Our egos are what prevent us following our passions in case we might struggle or fail. Or prevent us from speaking up in case others might mock us. Or perhaps worst of all, stop us seizing opportunity just because of fear of criticism from others.
All of us have an ego. As innately social creatures, our very existence has been based on getting along with others. We all feel good with some degree of self-esteem and purpose. The only difference between us is how we measure our progress – for most of us it is comparing ourselves to others, for many it is money and for others it could be popularity and social status.
And sometimes some degree of ego can be a good thing. In fact history is littered with examples of people who have attained the pinnacle of the arts, science and even business mainly fuelled by the passion of a bruised ego.
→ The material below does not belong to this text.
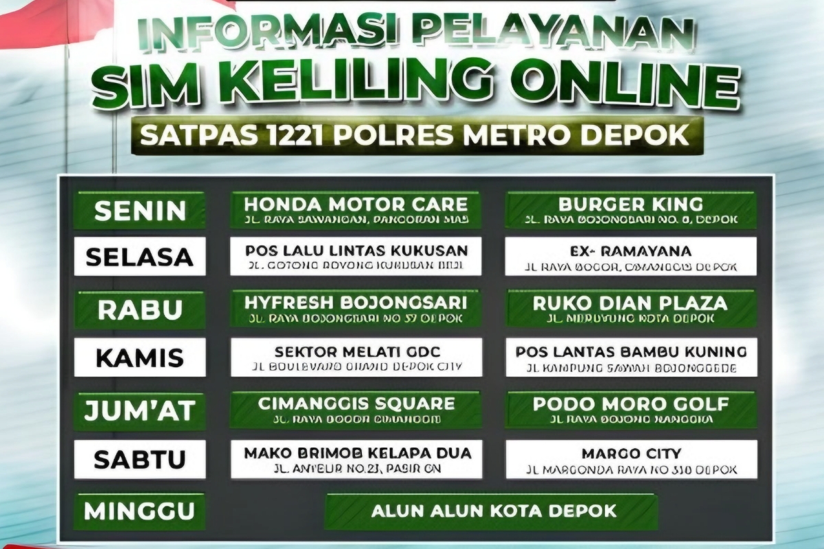 Untuk Lokasi SIM Keliling Depok hari ini tersedia di 2 lokasi pelayanan mobil SIM keliling di Depok, pada Sabtu 9 Desember 2023, kuylah simak:

The problems arise when ego’s start to become destructive. When self-importance or personal pride becomes more important than doing the right thing. And in eleven years working with some of the highest achievers in business, I can say with confidence that being able to control one’s ego effectively is one of the most powerful tools all successful people have.
Here are some ways how great leaders control their egos.
They recognise they have one
Despite how many self-help books we read or coaching seminars we attend, the truth is that us humans are not robots.
We’re emotional creatures, driven by some sort of identity or purpose. We get worked up. We like to celebrate. We even sometimes like to just let off steam.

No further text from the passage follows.